Advanced Analytics is not easy. It takes significantly more effort than hiring a bunch of Data Scientists and leasing Analytics software and tools.
Some questions to consider as an operating executive when preparing to embark on an Analytics journey:
- What is the mission? What do you hope to achieve? It is critical that operating executives define the operating mission upfront before investing resources.
- Is this a one-off exercise?
- Is the plan to develop a process and deploy models into production?
- Is the exercise designed to predict customer churn? Retail sales for a specific location during a specific time period? Credit card fraud detection?
- Define the mission as explicitly as possible.

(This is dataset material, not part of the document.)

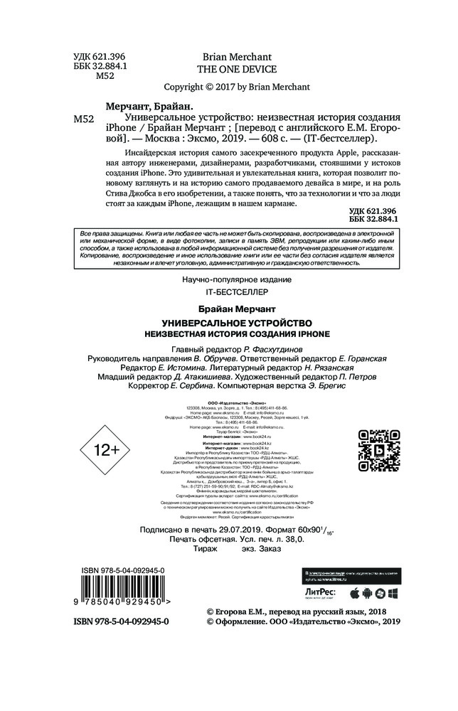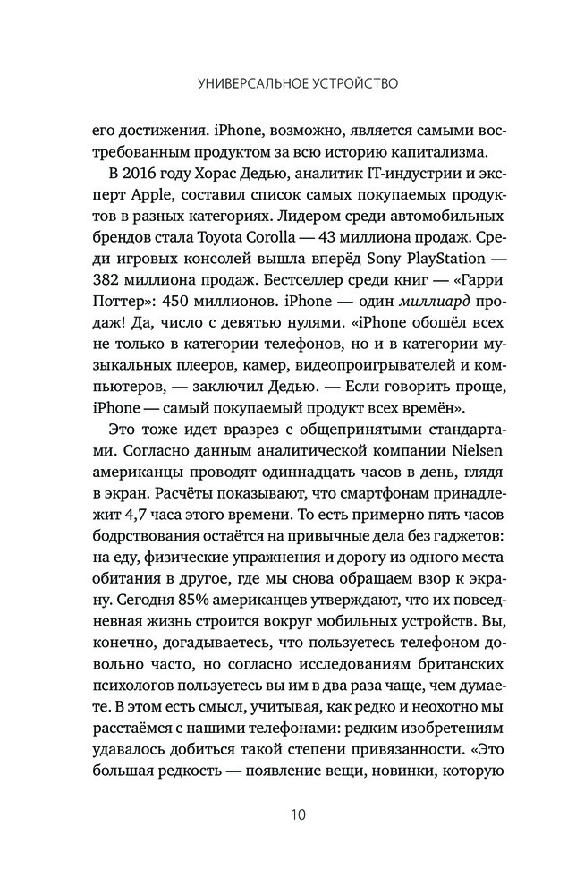Универсальное устройство. Неизвестная история создания iPhoneВ данный момент этот товар отсутствует в продаже. Возможно, у нас найдется аналогичный или похожий товар здесь. Серия: IT бестселлер Инсайдерская история самого засекреченного продукта Apple, рассказанная автору инженерами, дизайнерами, разработчиками, стоявшими у истоков создания iPhone. Это удивительная и увлекательная книга, которая позволит по-новому взглянуть и на историю самого продаваемого девайса в мире, и на роль Стива Джобса в его изобретении, а также понять, что за технологии и что за люди стоят за каждым iPhone, лежащим в нашем кармане. |
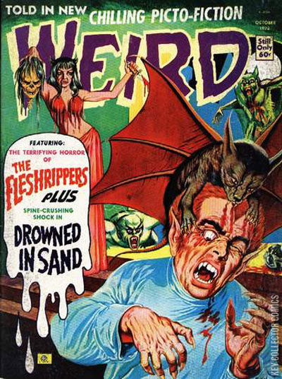 Home / Eerie Publications / Weird / Weird #6 Eerie Publications Released October 1973 Weird #6 Add to Collection Want It Synopsis No synopsis available. Issue 5 of 6 Add to Collection Buy it on eBay Buy on eBay Low $10 Mid $30 High $100 Synopsis No synopsis available. Details Series Weird Cover Date October 1973 Pages 52 UPC N/A Cover Price $0.60 Final Order Cutoff N/A Creators No creators listed. Price Guide Log in or subscribe to access detailed graded price information and market insights. Log In Subscribe

- What data is available to you? This includes your organization’s enterprise data as well as third-party and public data sets.
- Which data sets consist of structured data? Unstructured data?
- Does the data reside within stovepipe applications, is it available via APIs or both?
- What resources can you leverage?
- How many skilled people with relevant experience (Data Scientists and the like) are you able to deploy?
- Will adjacent technologies be incorporated into the process such as computer vision or visualization tools?
- Consider skilled processionals required not just to build models, but to extract, cleanse and label data. Data labeling can be an incredibly labor intensive process, especially for AI and Machine Learning projects. In addition, models must be tested thoroughly before deployment into production.
- Identify the resource gap: available resources vs. resources necessary to complete the mission.
- What is the plan for when production models fail? Approximately 20% of models make it into production and eventually those production models will fail. Look no further than insurance carriers during the COVID pandemic, or quant hedge funds during the 2008 financial crisis.